Boa Morte

Extending the remit of Eirecana with today’s post. After exploring the genres of americana, alt-country, desert rock, desert noir, tex-mex, I venture into the world of lo-fi/alternative folk with the music of Boa Morte.
Boa Morte hail from Cork and have been going for a long time (in musical terms) having formed in the mid-90’s. The group consisting of Bill Twomey (guitars), Cormac Gahan (bass guitar & vocals) Paul Ruxton (guitars & vocals) and Maurice Hallissey (drums) formed in Cork in the late 1990’s. The band’s story is an interesting one of what might have been as well as being a reminder of what the music business was like pre Facebook/Bandcamp/Myspace. They release their debut ep (“Passenger, measure your time”) in 1999 which generated that old phrase “label buzz”. From that the band were signed to Moodfood Records, a label based out of North Carolina (coincidently the same label that released the first Whiskeytown record).
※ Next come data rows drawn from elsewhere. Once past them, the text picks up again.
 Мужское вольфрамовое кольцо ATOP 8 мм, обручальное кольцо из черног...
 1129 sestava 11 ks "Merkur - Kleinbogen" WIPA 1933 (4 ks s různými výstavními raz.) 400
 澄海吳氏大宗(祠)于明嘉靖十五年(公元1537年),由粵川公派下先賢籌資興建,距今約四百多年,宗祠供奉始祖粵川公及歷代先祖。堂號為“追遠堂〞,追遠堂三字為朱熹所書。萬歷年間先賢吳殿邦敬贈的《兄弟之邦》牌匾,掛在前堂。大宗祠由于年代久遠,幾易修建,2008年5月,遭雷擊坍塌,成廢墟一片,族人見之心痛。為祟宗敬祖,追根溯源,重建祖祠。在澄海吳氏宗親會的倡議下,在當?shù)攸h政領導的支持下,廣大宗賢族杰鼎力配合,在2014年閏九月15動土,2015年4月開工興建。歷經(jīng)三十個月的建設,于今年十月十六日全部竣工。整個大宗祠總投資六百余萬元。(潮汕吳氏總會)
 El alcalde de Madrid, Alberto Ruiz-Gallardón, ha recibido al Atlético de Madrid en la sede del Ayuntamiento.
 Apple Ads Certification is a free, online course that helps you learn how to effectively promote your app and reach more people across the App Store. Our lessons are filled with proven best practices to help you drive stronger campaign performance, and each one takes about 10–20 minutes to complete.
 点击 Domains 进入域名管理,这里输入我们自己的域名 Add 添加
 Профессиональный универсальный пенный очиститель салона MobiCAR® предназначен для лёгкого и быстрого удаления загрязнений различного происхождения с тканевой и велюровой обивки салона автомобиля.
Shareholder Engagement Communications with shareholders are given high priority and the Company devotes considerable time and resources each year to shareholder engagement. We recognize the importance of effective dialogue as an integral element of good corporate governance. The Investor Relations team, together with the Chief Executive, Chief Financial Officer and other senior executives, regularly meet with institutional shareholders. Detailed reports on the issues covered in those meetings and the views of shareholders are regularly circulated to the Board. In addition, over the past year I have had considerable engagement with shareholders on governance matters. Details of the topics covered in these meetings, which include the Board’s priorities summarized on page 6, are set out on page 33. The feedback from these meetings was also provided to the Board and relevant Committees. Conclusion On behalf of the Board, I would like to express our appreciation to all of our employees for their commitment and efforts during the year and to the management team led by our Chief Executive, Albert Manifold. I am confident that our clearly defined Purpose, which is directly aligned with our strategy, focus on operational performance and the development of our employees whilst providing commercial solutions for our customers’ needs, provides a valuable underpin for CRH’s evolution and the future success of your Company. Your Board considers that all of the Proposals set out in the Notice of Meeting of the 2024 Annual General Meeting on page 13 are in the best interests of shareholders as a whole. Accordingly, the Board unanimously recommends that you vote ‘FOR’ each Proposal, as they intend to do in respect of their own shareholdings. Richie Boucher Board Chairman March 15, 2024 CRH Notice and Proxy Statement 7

From that producer Daniel Presley came to work with the band producing their first album “Soon it will come time to face the world outside”. The band tell a lovely story of how they travelled all over Ireland to find a studio with analogue equipment as that was David Presley’s preference for recording. Interestingly (well for those of you interested in recording processes) the tracks were recorded straight to tape with the drums, bass and guitars being recorded live and the rest added later on.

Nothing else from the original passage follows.